** Task objective **
Retype nothing but the lines from the start of the material up to and including the line with "24. Install the". Pictures don't belong in the copy.

** Supplied data **

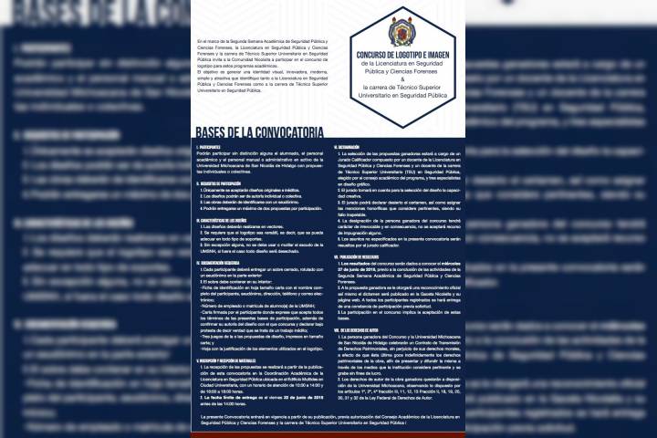 Con el objetivo de generar una identidad visual, innovadora, moderna, simple y atractiva, la Universidad Michoacana de San Nicolás de Hidalgo convoca a la comunidad nicolaita a participar en el concurso de diseño para el logotipo de la Licenciatura en Seguridad Pública y Ciencias Forenses y la carrera de Técnico Superior Universitario en Seguridad Pública.
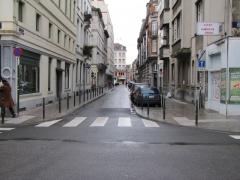 Bruksela, ucho jednostronne, bo ze względu na wąskość ulicy tylko po jednej stronie zmieściły się miejsca parkingowe. Oczywiście, na ruch rowerów pod prąd (patrz znak po prawej) miejsce jest zawsze [zobacz >>>].
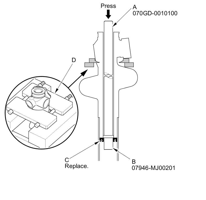 24. Install the bearing separator (D) on the gearbox housing. Set the steering gearbox in a press so the gearbox housing points upward, then push out the cylinder end seal by pressing on the end of the driver handle and driver head.
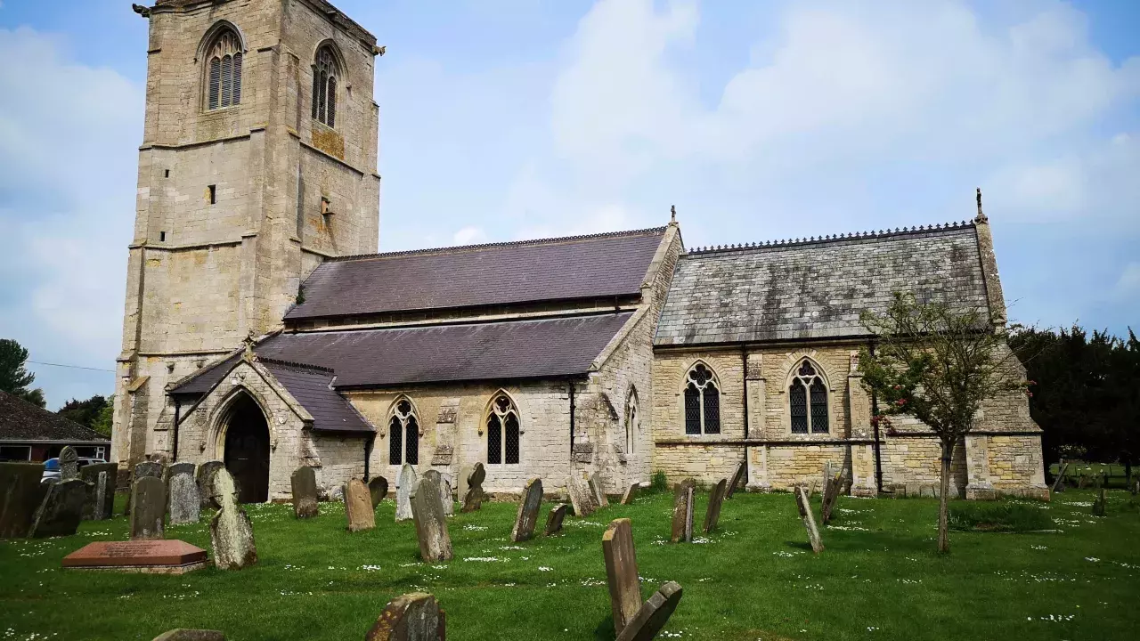 The north arcade and part of the north aisle survive from the 13th century, with a 14th century south arcade. The tower and font are 15th century. The damage on the font is said to have occurred when Cromwell's soldiers sharpened their swords before the Battle of Winceby.

** Response area **
 Con el objetivo de generar una identidad visual, innovadora, moderna, simple y atractiva, la Universidad Michoacana de San Nicolás de Hidalgo convoca a la comunidad nicolaita a participar en el concurso de diseño para el logotipo de la Licenciatura en Seguridad Pública y Ciencias Forenses y la carrera de Técnico Superior Universitario en Seguridad Pública.
 Bruksela, ucho jednostronne, bo ze względu na wąskość ulicy tylko po jednej stronie zmieściły się miejsca parkingowe. Oczywiście, na ruch rowerów pod prąd (patrz znak po prawej) miejsce jest zawsze [zobacz >>>].
 24. Install the bearing separator (D) on the gearbox housing. Set the steering gearbox in a press so the gearbox housing points upward, then push out the cylinder end seal by pressing on the end of the driver handle and driver head.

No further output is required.